Response of UK private sector to new market was rapid Private sector prices % above NHS costs; FT survey: UK consultants charge highest rates in developed world; End 2004, major private companies reduce prices to close to NHS prices; Private sector income from the NHS around 9% in 2003; anticipated 40% could come from the NHS by 2008.

Yardstick competition DH is relying on yardstick competition to drive efficiency All NHS Trusts and private sector providers must trade at national tariff prices; National tariff based on average costs, by procedure, of NHS Trusts; Initially promised no Trust would be “bailed out” when unable to break even at national prices.
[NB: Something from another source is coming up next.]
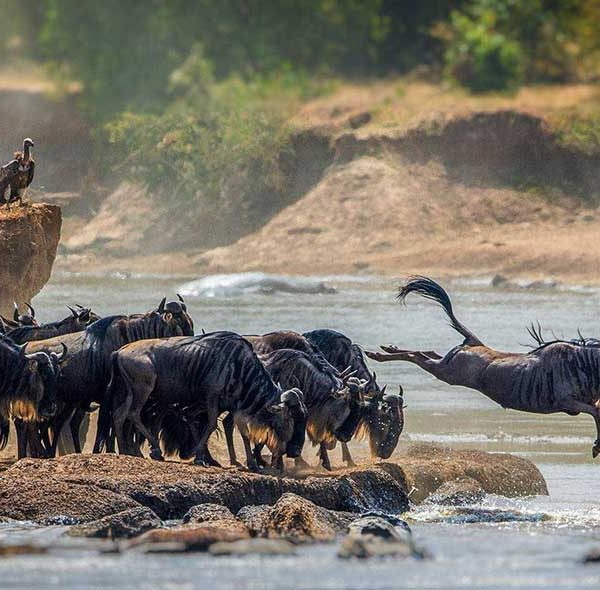 After breakfast drive with packed lunch to Mara river focusing on migration animals, game drive on route before reaching the river, after arrive will find congregation of animals, waiting for them to cross the river, lunch at designed picnic area. Evening on route game drive back to the camp for dinner and overnight.

Article 56: free movement of capital A normal route for a new entrant is purchase of the assets of an established weak or insolvent firm; UK government promised English hospital market would be “contestable”; Impediments to competitive merger/takeover: (a) Legislation requires assets of a failing Trust be transferred to another DH organisation; (b) DH to determine allowable mergers; Four year delay producing an insolvency regime. Government to underwrite assets and prevent bankruptcy?

Meaning of “Capital movements” Establishment and extension of branches or new undertakings belonging solely to the person providing the capital and the acquisation in full of existing undertakings; Participation in new or existing undertakings with a view to establishing or maintaining lasting economic links. Will existing and proposed English arrangements be challenged as impediments to free movement of capital?

Conclusions ECJ judgements on freedom of movement have had little effect on competition for hospital services or contributed to a more integrated health care market; EC and domestic competition law has been quiet; Is the hospital sector in Europe too politically sensitive for anyone to forward a competition agenda? EU and domestic regulators reluctant to act or potential plaintiffs too much to lose?